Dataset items

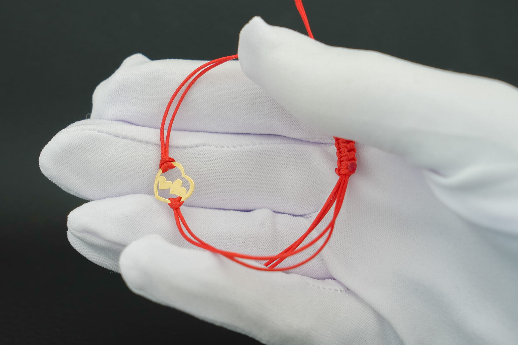 Element ze szlachetnego kruszcu został wpleciony w wytrzymały, czerwony sznurek. Dzięki procesowi woskowania sznurek jest odporny na wilgoć, nie mechaci się i zachowuje intensywną barwę, pięknie kontrastującą ze złotem.
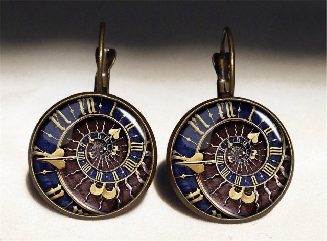 Ręcznie robione kolczyki wiszące z wysokiej jakości grafiką pokrytą wypukłym, powiększającym szkiełkiem.
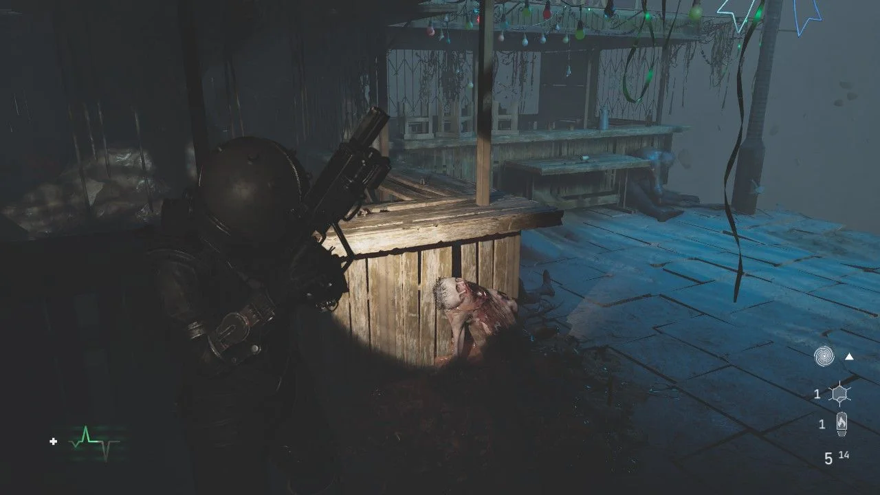 Você estará em um pequeno centro comercial, você já deve ter notado a criatura que nos espreita desde que cegamos nessa locação, ela está aqui também 👀. O local está cheio de itens entre os corredores, bem como, alguns corpos, não colete os fusíveis que encontrar ainda, seguindo em frente, você encontrará um portão fechado e próximo dele, uma barraca com uma caixa de fusíveis faltando dois deles, precisamos encontrar eles para seguir em frente. Voltando, à esquerda, você encontrará o Fusível (1/2), colete ele. O Fusível (1/2) está a direita, conforme você desce o corredor de costas para a porta trancada, em uma mesa na extremidade, coletando ele, você enfrentará alguns inimigos. Colete todos os itens e use os fusíveis na caixa, o portão se abrirá, ao se aproximar ele fechará e você terá de enfrentar mais alguns inimigos, dentre eles, um Brute.
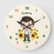 Liten pojke med solblommor stor klocka
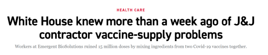 此外,据美国媒体Politico报道,拜登政府早在一个多星期之前就知道了1500万剂强生疫苗被污染的事,但白宫的口风严得跟花瓶一样,这么大的丑闻此前就一点风声都没有。
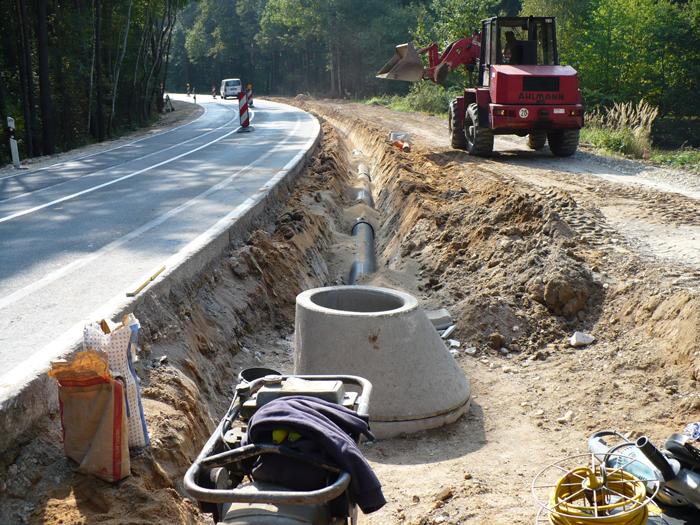 Im Bereich Leitungsbau führen wir den Bau von Kanal-, Trinkwasser- und Gasleitungen sowie für Strom und Telekommunikation aus.

Exercise directions: Omit all pictures, and repeat exactly the lines from the line containing "Você estará em" through the end of the data.

Output for this task:
 Você estará em um pequeno centro comercial, você já deve ter notado a criatura que nos espreita desde que cegamos nessa locação, ela está aqui também 👀. O local está cheio de itens entre os corredores, bem como, alguns corpos, não colete os fusíveis que encontrar ainda, seguindo em frente, você encontrará um portão fechado e próximo dele, uma barraca com uma caixa de fusíveis faltando dois deles, precisamos encontrar eles para seguir em frente. Voltando, à esquerda, você encontrará o Fusível (1/2), colete ele. O Fusível (1/2) está a direita, conforme você desce o corredor de costas para a porta trancada, em uma mesa na extremidade, coletando ele, você enfrentará alguns inimigos. Colete todos os itens e use os fusíveis na caixa, o portão se abrirá, ao se aproximar ele fechará e você terá de enfrentar mais alguns inimigos, dentre eles, um Brute.
 Liten pojke med solblommor stor klocka
 此外,据美国媒体Politico报道,拜登政府早在一个多星期之前就知道了1500万剂强生疫苗被污染的事,但白宫的口风严得跟花瓶一样,这么大的丑闻此前就一点风声都没有。
 Im Bereich Leitungsbau führen wir den Bau von Kanal-, Trinkwasser- und Gasleitungen sowie für Strom und Telekommunikation aus.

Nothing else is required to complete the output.